Description of sampling inlet of the measuring instrument.

measuring_instrument_calibration_scale

Name of calibration scale used for the calibration of the measuring instrument.

network_provided_volume_standard_temperature

The temperature (in Kelvin) associated with the volume of the sampled gas (which varies with temperature and pressure). This volume is typically normalised in-instrument to a standard temperature and pressure. These standard values typically follow network/continental/global standards (e.g. European Union) for the measured component. If no in-instrument normalisation is done then the reported temperature should be reported as the internal temperature of the instrument (i.e. the measurement conditions). If no numbers are reported explicitly per measurement, then the sample gas temperature is assumed to be the known network standard temperature for the measured component.

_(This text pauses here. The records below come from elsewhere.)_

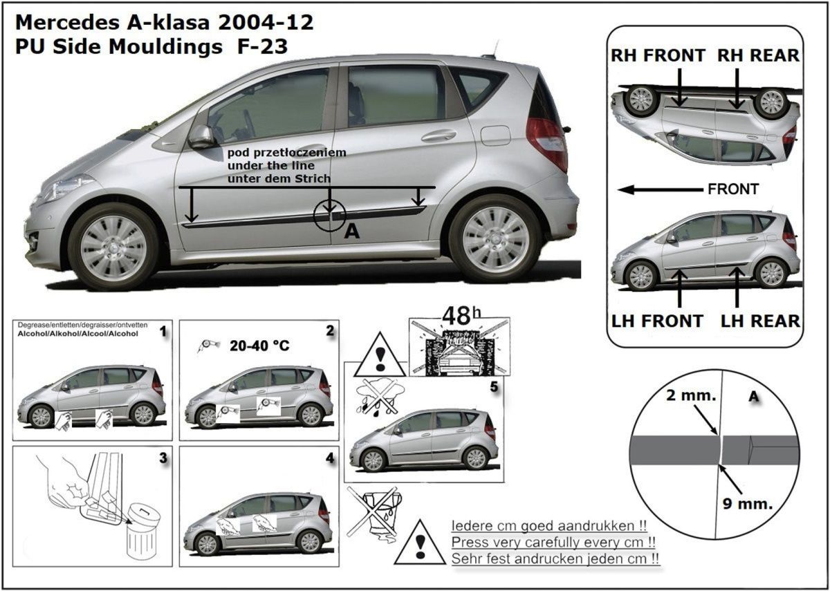 Listwy boczne na drzwi ochronne, Mercedes A-Klasse, W169, 2004-2012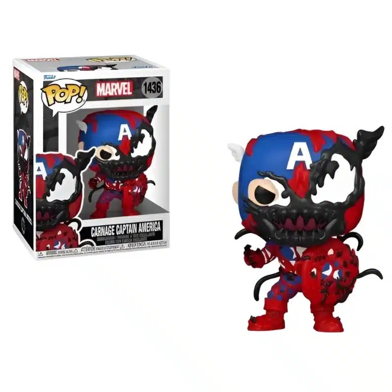 Funko POP! Carnageized Captain America donosi jedinstvenu kombinaciju Kapetana Amerike i mračnog simbionta Carnagea. Ova figura visine približno 9,8 cm prikazuje poznatog Marvel junaka u njegovom prepoznatljivom kostimu, isprepletenom kaotičnim i zastrašujućim detaljima simbiontske transformacije. Izrađena je od kvalitetnog vinila i dolazi u prozirnoj kutiji pogodnoj za izlaganje.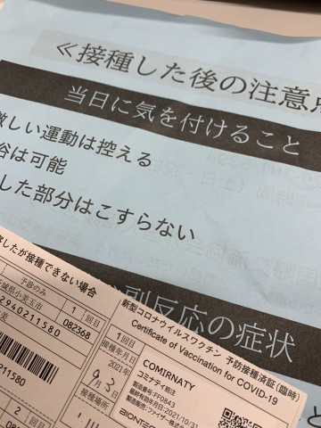 接種会場に入ると流れ作業のように次へ次へと進んで、あっという間にワクチン接種は終わりました。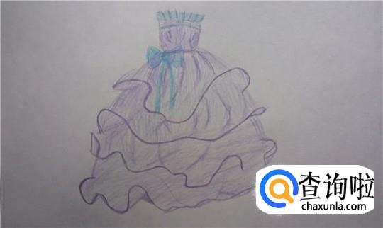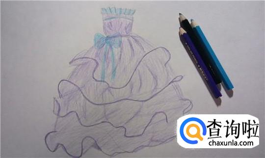 最后给公主裙上身的花边涂上蓝色,再在腰处画一个蓝色的蝴蝶结,这样公主裙是不是更好看了呢?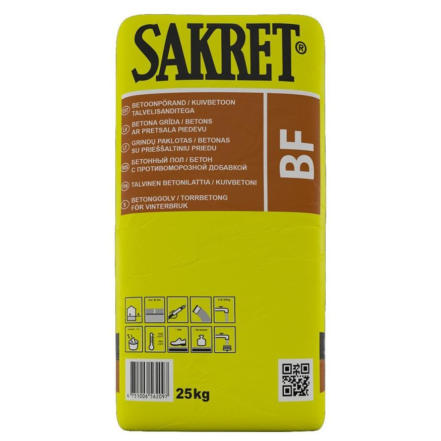Talvine kuivbetoon SAKRET ВF tuleb segada puhtas nõus või segumasinas sooja puhta veega tükivabaks massiks. Paigaldada betoon ühtlaselt raketisse ning tihendada, tasandada ja siluda. Ehitise deformatsioonivuuke ei tohi betooniga katta. Põrandate valamisel kasutada armatuurvõrku. Kaitsta värskelt valatud pindu otsese päikesepaiste, sademete, külmumise ja tugeva tuule eest, soovitav on järelniisutus. Põrandate valamiseks on vähim optimaalseim kihipaksus 40 mm. Järgida tsementsegudega talvistes tingimustes töötamise nõudeid! Valatud pinnad on käidavad ja plaaditavad 24 h möödumisel valamisest.

network_provided_volume_standard_pressure

The pressure (in hPa) associated with the volume of the sampled gas (which varies with temperature and pressure). This volume is typically normalised in-instrument to a standard temperature and pressure. These standard values typically follow network/continental/global standards (e.g. European Union) for the measured component. If no in-instrument normalisation is done then the reported pressure should be reported as the internal pressure of the instrument (i.e. the measurement conditions). If no numbers are reported explicitly per measurement, then the sample gas pressure is assumed to be the known network standard pressure for the measured component.

retrieval_algorithm

The name of the retrieval algorithm. Remote sensing algorithms are used to retrieve the aerosol optical properties (as aerosol optical depths or single scattering albedo among others) using remote-sensing radiances for multiple wavelengths from ground stations or on satellite platforms. Each algorithm is particularly designed considering the characteristics of the sensor and other ancillary information.

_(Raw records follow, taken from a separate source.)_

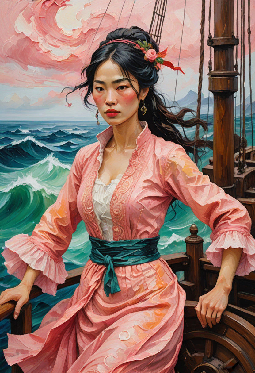 Impasto painting. Full-figure of A beauty Korean woman stands on a ship, misty pirates of carabean, wearing a vibrant pink peach tube dress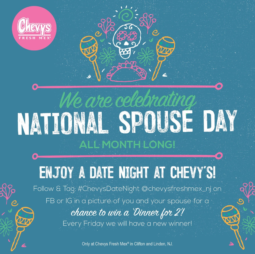 Jan 26 is National Spouse Day being celebrated at Chevys Fresh Mex in Linden and Clifton, NJ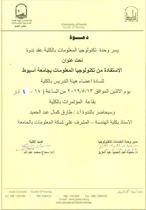 دعوة لحضور ندوة تحت عنوان "الاستفادة من تكنولوجيا المعلومات بجامعة أسيوط" للسادة أعضاء هيئة التدريس 7 مايو 2019 دعوة لحضور ندوة تحت عنوان "الاستفادة من تكنولوجيا المعلومات بجامعة أسيوط" للسادة أعضاء هيئة التدريس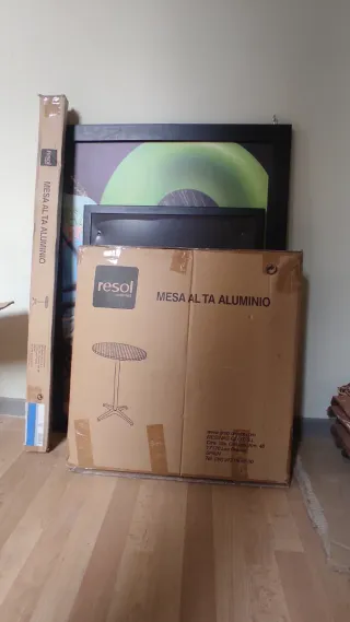 Practicamente nueva,solo se ha usado para poner encima un jarron,incluye 2 taburetes De la Cruzcampo,la vendo porque ya ha cumplido la funciòn por la que la compre - Diseño moderno con estructura metálica. - Superficie de madera con veta. - Ideal para espacios reducidos.

principal_investigator_name

Full name of the principal scientific investigator for the specific reported data.

principal_investigator_institution

Institution of the principal scientific investigator for the specific reported data.

principal_investigator_email_address

Email address of the principal scientific investigator for the specific reported data.

contact_name

Full name of the principal data contact for the specific reported data.

contact_institution

Institution of the principal data contact for the specific reported data.

contact_email_address

Email address of the principal data contact for the specific reported data.

meta_update_stamp

Time stamp of metadata updates in integer minutes from 0001-01-01 00:00 UTC.

data_download_stamp

Time stamp of date/time of data download in integer minutes from 0001-01-01 00:00 UTC.

data_revision_stamp

Time stamp of date/time of the last data revision in integer minutes from 0001-01-01 00:00 UTC.

network_sampling_details

Extra details provided by the reporting network about the sampling methods employed.

network_uncertainty_details

Extra details provided by the reporting network about the uncertainties involved with the measurement methods employed.

network_maintenance_details

Extra details provided by the reporting network about the operational maintenance done at the station.

network_qa_details

Extra details provided by the reporting network about the in-network quality assurance of measurements.

network_miscellaneous_details

Extra miscellaneous details provided by the reporting network.

data_licence

Information pertaining to the data licence governing the redistribution/publication of the ingested network data.

process_warnings

Warnings accumulated through GHOST processing regarding the data that should be considered.